▸ What to produce: Could the data below be copied exactly, minus the pictures?

▸ Data shown:
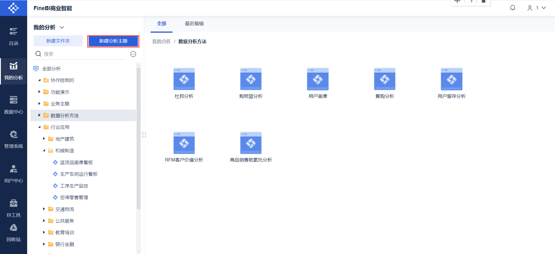 点击「我的分析」即进入分析主题的管理界面,如下图所示:
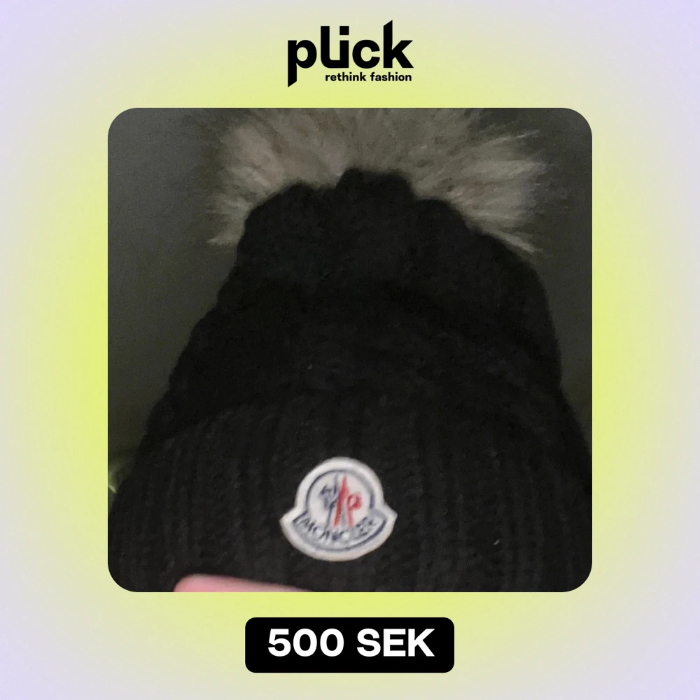Säljer en snygg svart stickad mössa från Moncler med en fluffig pälsboll på toppen. Perfekt för kalla vinterdagar! Mössan har en klassisk design med Moncler-loggan framtill. Supermysig och stilren, passar till allt! 🖤
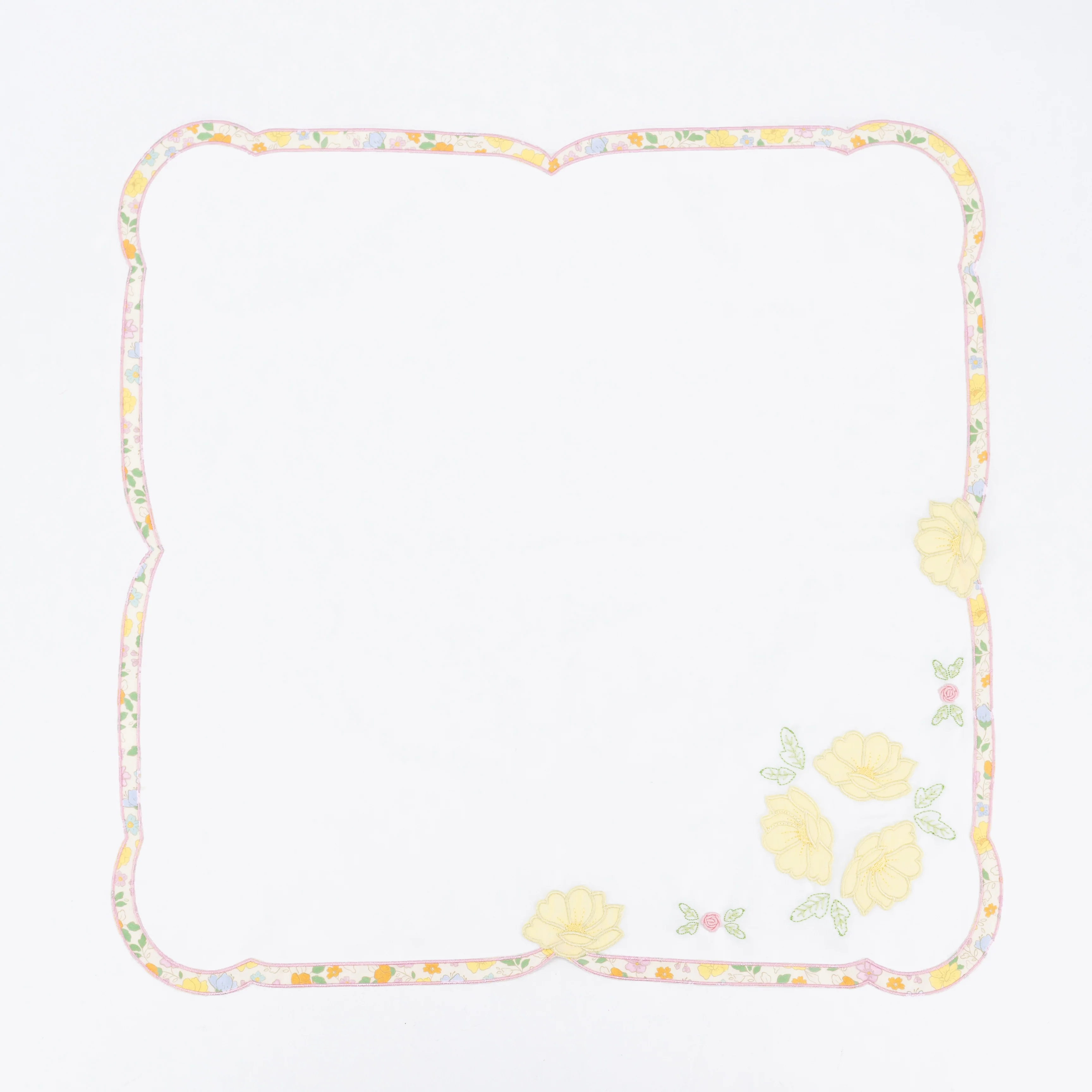 The Frances Napkins feature a beautiful fall floral embroidered trim, matching perfectly with our Frances clothing styles. The napkin’s canvas incorporates a mix of hand-embroidered roses, greenery and applique flowers in soft yellow tones and light greens.
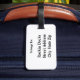 This was purchased as part of a 40th Birthday present for my nephew who is going to Vegas. It is made of high quality, very study and we decided only to put his name on the back of the tag, but you can add a full address if you so wish.

▸ Solution for this problem:
 点击「我的分析」即进入分析主题的管理界面,如下图所示:
Säljer en snygg svart stickad mössa från Moncler med en fluffig pälsboll på toppen. Perfekt för kalla vinterdagar! Mössan har en klassisk design med Moncler-loggan framtill. Supermysig och stilren, passar till allt! 🖤
 The Frances Napkins feature a beautiful fall floral embroidered trim, matching perfectly with our Frances clothing styles. The napkin’s canvas incorporates a mix of hand-embroidered roses, greenery and applique flowers in soft yellow tones and light greens.
 This was purchased as part of a 40th Birthday present for my nephew who is going to Vegas. It is made of high quality, very study and we decided only to put his name on the back of the tag, but you can add a full address if you so wish.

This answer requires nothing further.